TASK DESCRIPTION:
In the data below, set down exactly the lines from the one containing "Confeccionada en lycra" up to and including the one containing "Dispenser Tork M2 Senterrull turkis/hvit". Leave the pictures out.

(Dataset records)

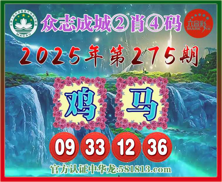 275期:『众志成城』 🐓②肖④码🐓【鸡马】【09.33.12.36】开:鸡45准上榜认证
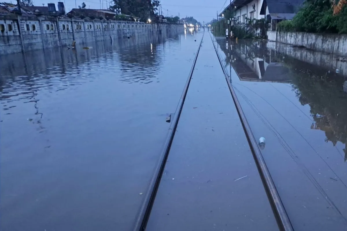 Ketinggian air yang menggenang mencapai 10 cm di atas kepala rel.
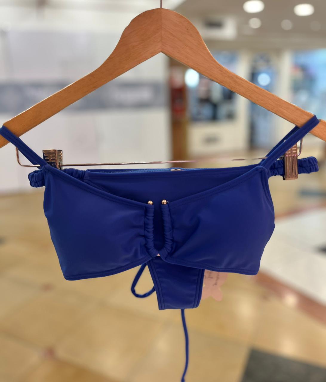 Confeccionada en lycra lisa color azul eléctrico. Bombacha arruchada semivedetina
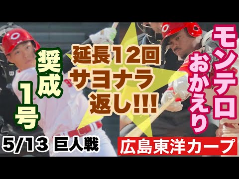 【広島東洋カープ】5/13 巨人戦 復帰したモンテロの一打で延長12回サヨナラ勝ち!!! 岡本が嬉しいプロ初勝利! 【エレフリス・モンテロ】【秋山翔吾】【岡本駿】【森翔平】【新井貴浩】【カープ】
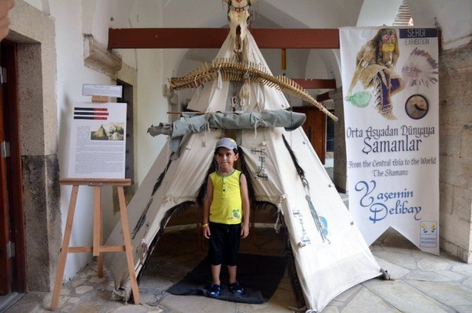 Sergilenen tüm materyallerin Yasemin Delibay tarafından el işçiliği ile üretildiği “Orta Asya’dan Dünyaya Şamanlar” sergisi bir ay süreyle Kervansaray’da görülebecek.
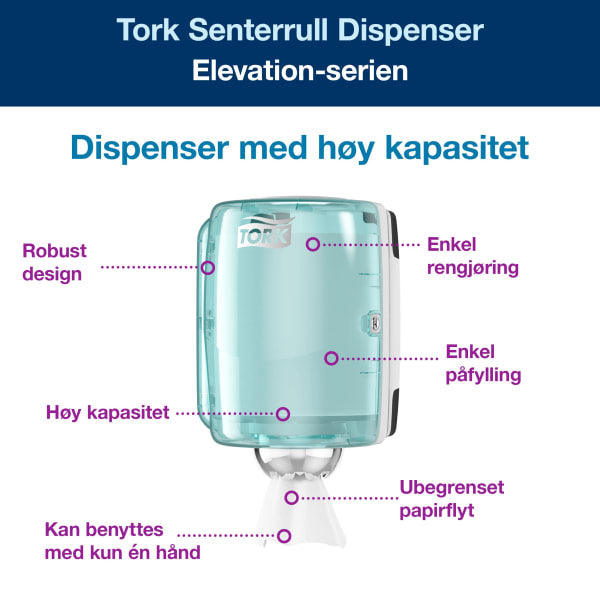 Dispenser Tork M2 Senterrull turkis/hvit
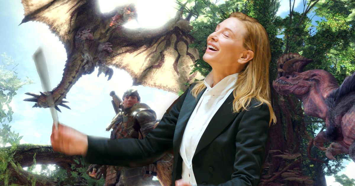 Quindi, quando inizia la riproduzione del filmato di apertura di Monster Hunter: World e gli spettatori vedono questo pubblico silenzioso e serio nei loro costumi elaborati, è difficile non ridere dell’assurdità di tutto ciò, soprattutto data la posta in gioco alta e la storia cupa che lo precede. Il primo istinto del pubblico è probabilmente quello di vedere l’ultimo lavoro di Lydia come un umiliante downgrade. Ecco il luogo: Lydia Tár è così tossica che è stata esiliata in un luogo in cui il suo nome non significa nulla. E sta dirigendo la musica per Monster Hunter, una serie in cui i giocatori uccidono draghi e dinosauri, li raccolgono per parti e carne e danno il ricavato a un gatto assistente antropomorfo con cui fabbricare armi.
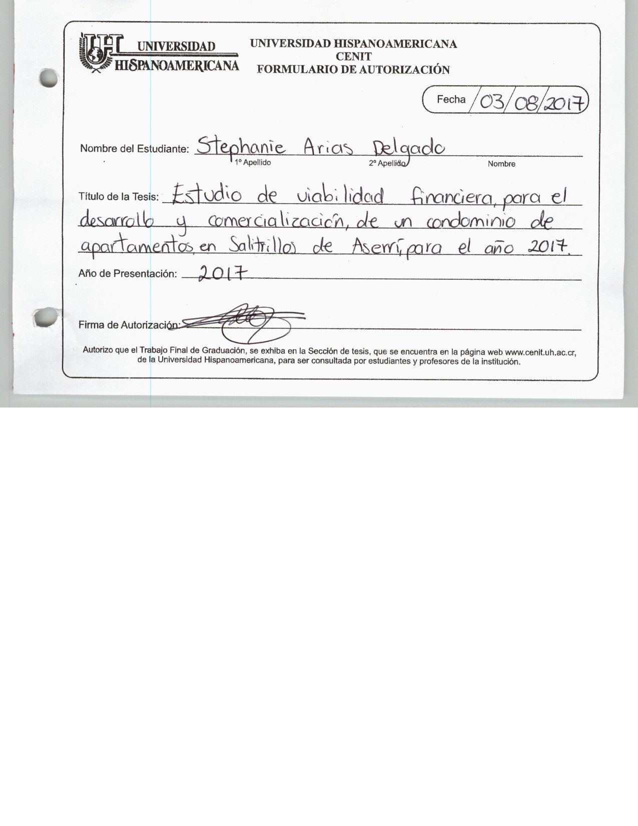 Estudio de viabilidad financiera para el desarrollo y comercialización de un condominio de apartamentos en Salitrillos, de Aserrí para el 2017
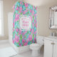 This shower curtain design features a preppy hibiscus summer print. You can personalise with your name and location. This shower curtain is perfect for a beach cottage or vacation rental.
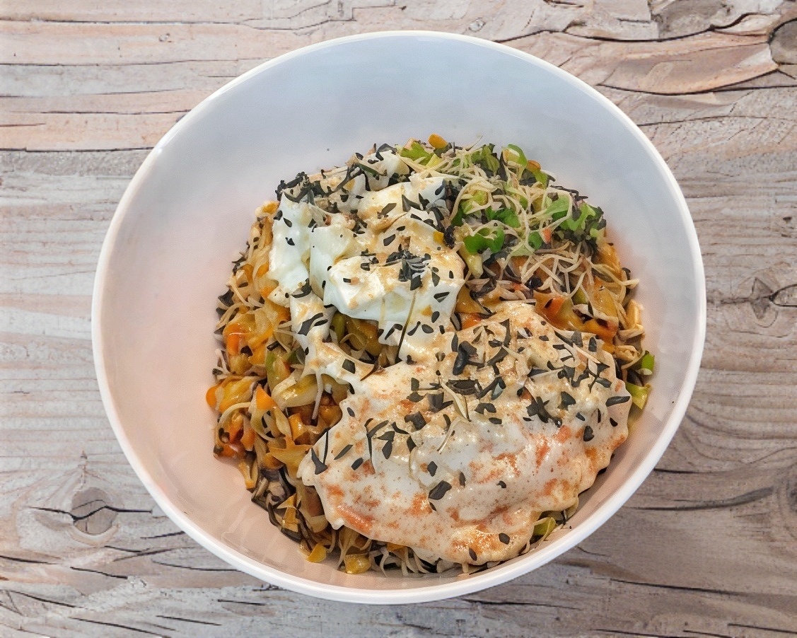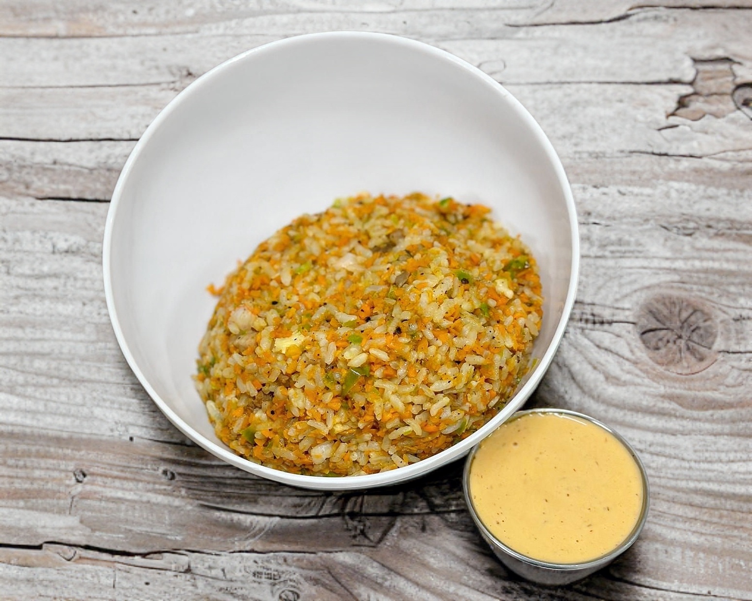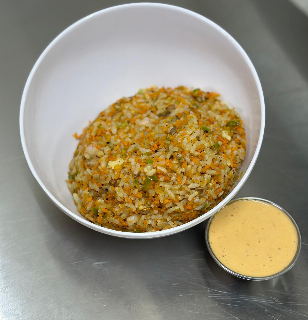 Arroz frito mixto y le agregamos pasta tampico, aguacate, queso crema y ajonjoli tostado.
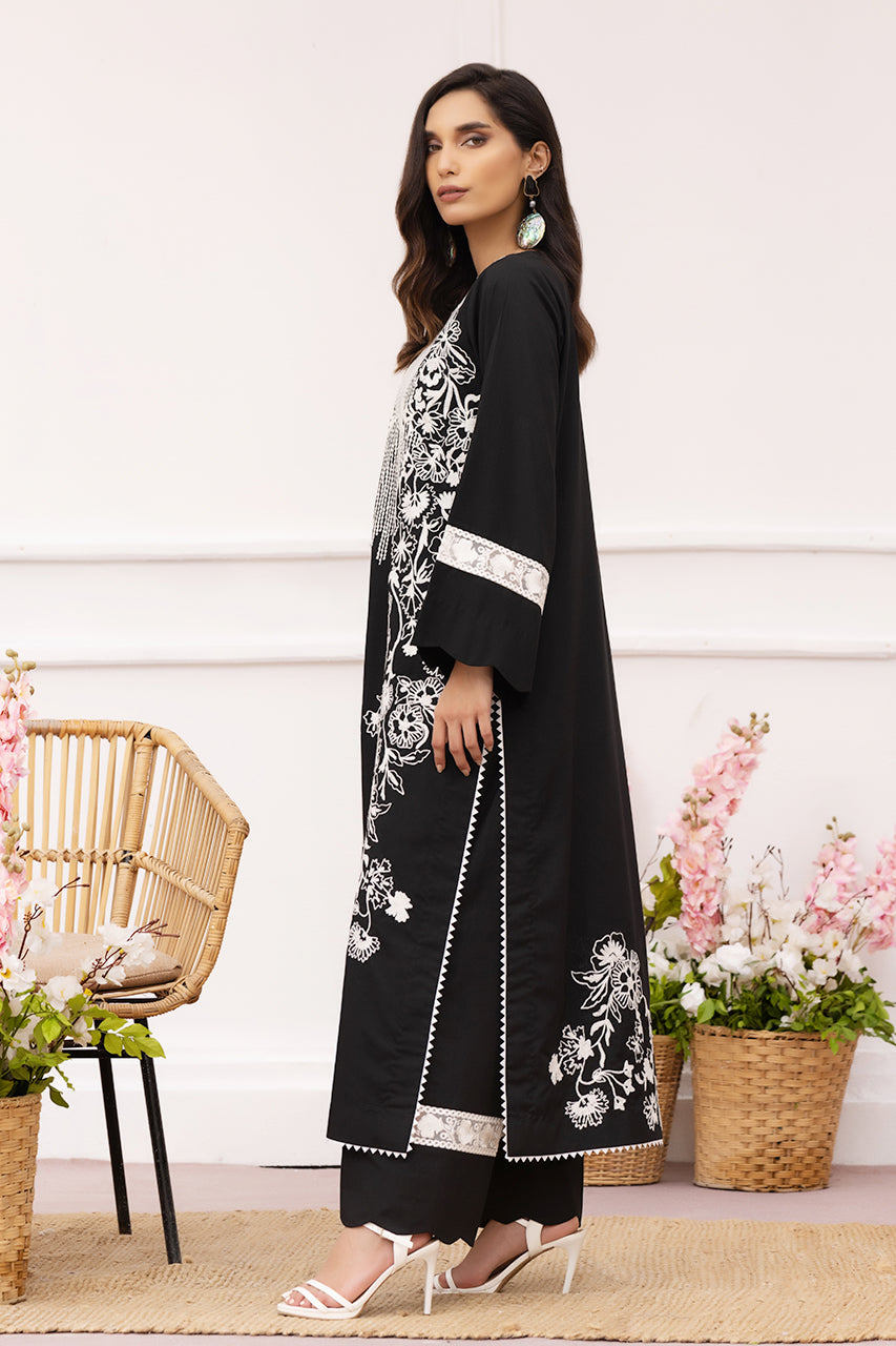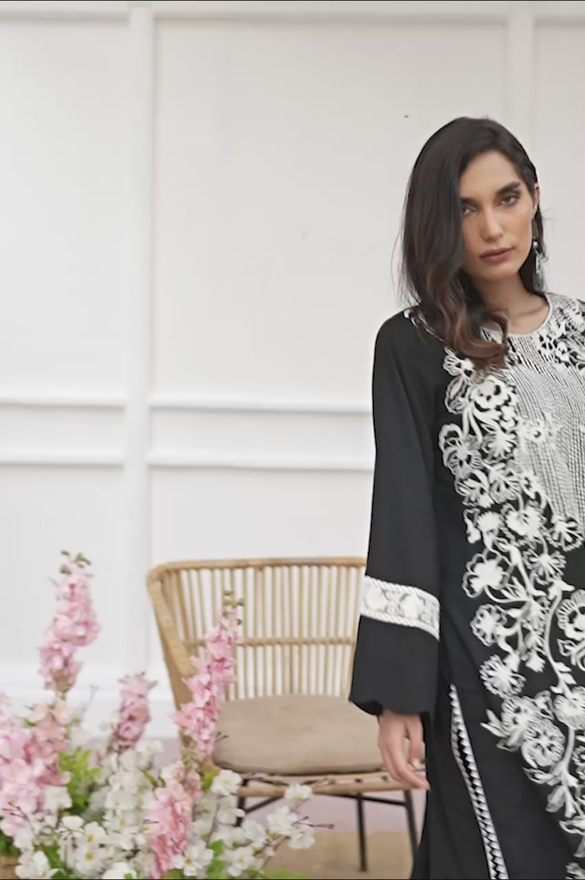 Introducing our elegant ensemble, featuring a black luxurious two-piece attire which is masterfully designed from pure, wrinkle-free cotton it showcases intricate ari embroidery on both the front and back. Skillfully adorned with lace and graced with the distinctive charm of namak para lace, it is complemented exquisitely by tailored ezar pants, symbolizing the pinnacle/Zenith of classic elegance.
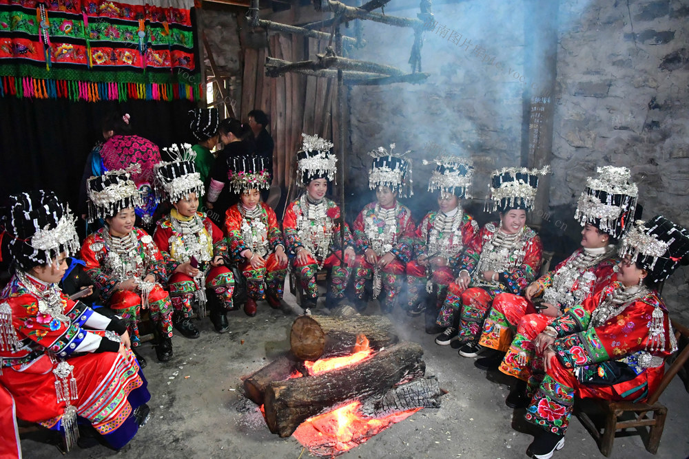 2020年1月9日下午,按照当地婚俗,新娘和迎亲队伍一起“坐火塘”。郭立亮 摄
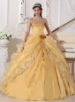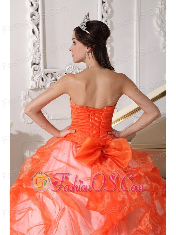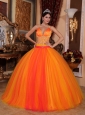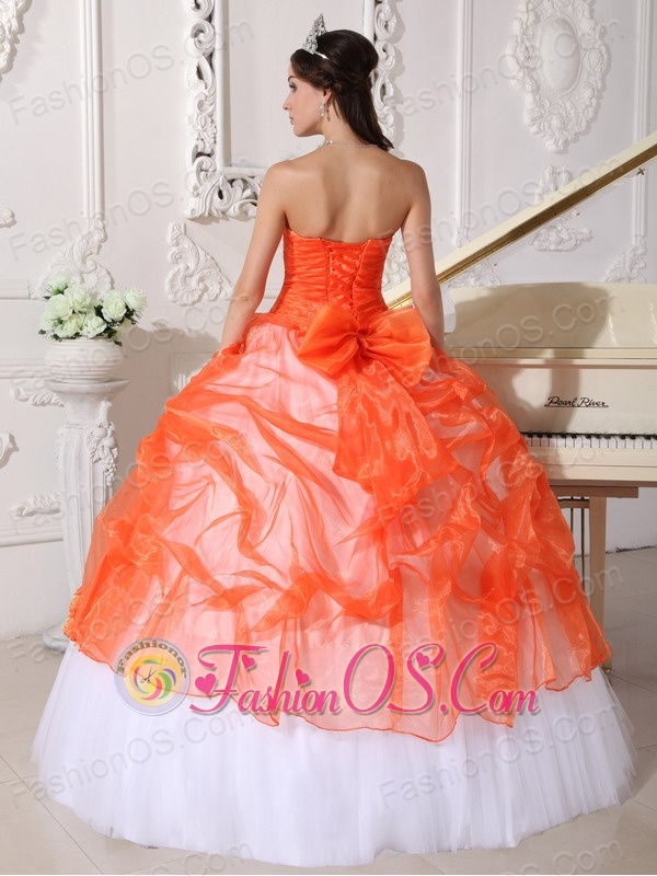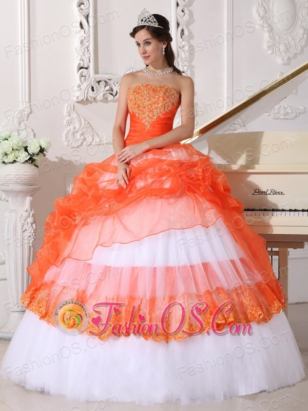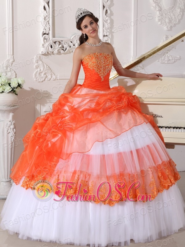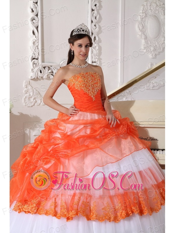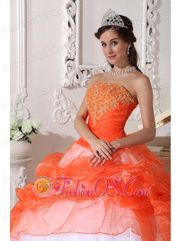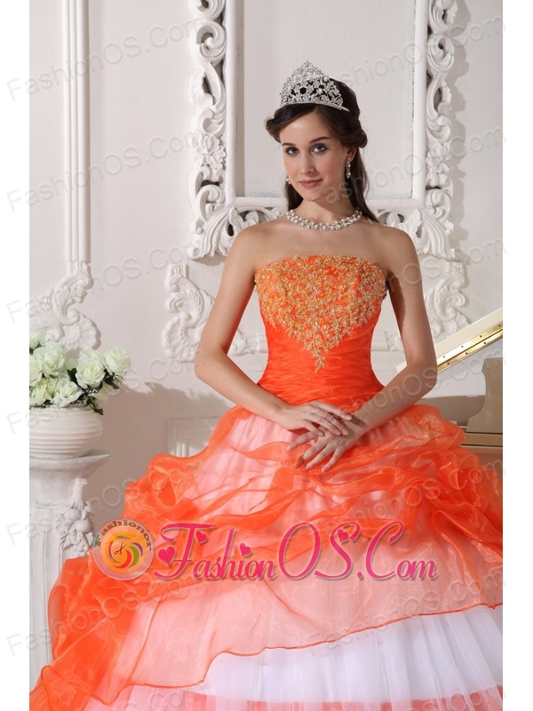 Beautiful Orange and White Quinceanera Dress StraplessTaffeta and Organza Appliques Ball Gown
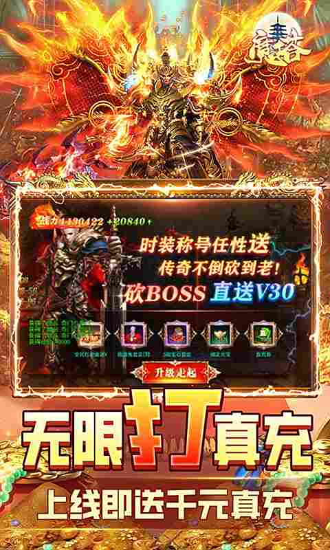 1.全民打金直送V30 2.送限时吸血鬼套装 3.5级宝石套装 4.送元宝128w 5.送直充券1000 6.送材料一大堆 7.送每日返利500元奖励领取 8.送签到/登录奖励
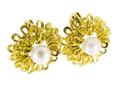 In zeer goede staat; 14 karaat geelgouden rozet oorknoppen (clips) gezet met enkele zoutwater...
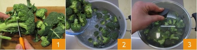 To prepare the orecchiette with broccoli and sausage, start by bringing a pot of salted water to a boil. Cut the broccoli into florets 1 and slice them in half, or even quarters if they’re too large. Place them in the boiling water 2 and put the lid on the pot 3. Cook the vegetables for 6-7 minutes, and in the meantime, continue with the rest.
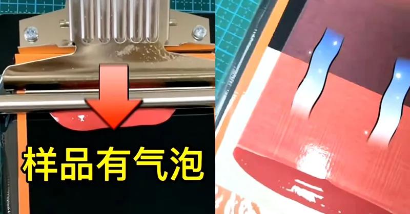 如果有一定粘度的產品有氣泡,那么干燥后是會出現坑洼的情況。同樣的,實驗涂膜中,在刮涂薄膜前要確保擠在底材上的樣品不能有氣泡,不然會出現凹點的現象,影響涂膜的整體的均勻性。
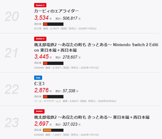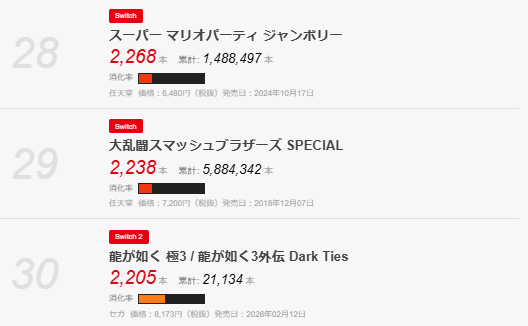ゲームの内容や、今までの積み上げから結果自体は妥当と言えるが、スイッチ2でも4万本近くの売上を記録しているので

RESPONSE TO THIS TASK:
 Confeccionada en lycra lisa color azul eléctrico. Bombacha arruchada semivedetina
 【広島東洋カープ】5/13 巨人戦 復帰したモンテロの一打で延長12回サヨナラ勝ち!!! 岡本が嬉しいプロ初勝利! 【エレフリス・モンテロ】【秋山翔吾】【岡本駿】【森翔平】【新井貴浩】【カープ】
 Sergilenen tüm materyallerin Yasemin Delibay tarafından el işçiliği ile üretildiği “Orta Asya’dan Dünyaya Şamanlar” sergisi bir ay süreyle Kervansaray’da görülebecek.
 Dispenser Tork M2 Senterrull turkis/hvit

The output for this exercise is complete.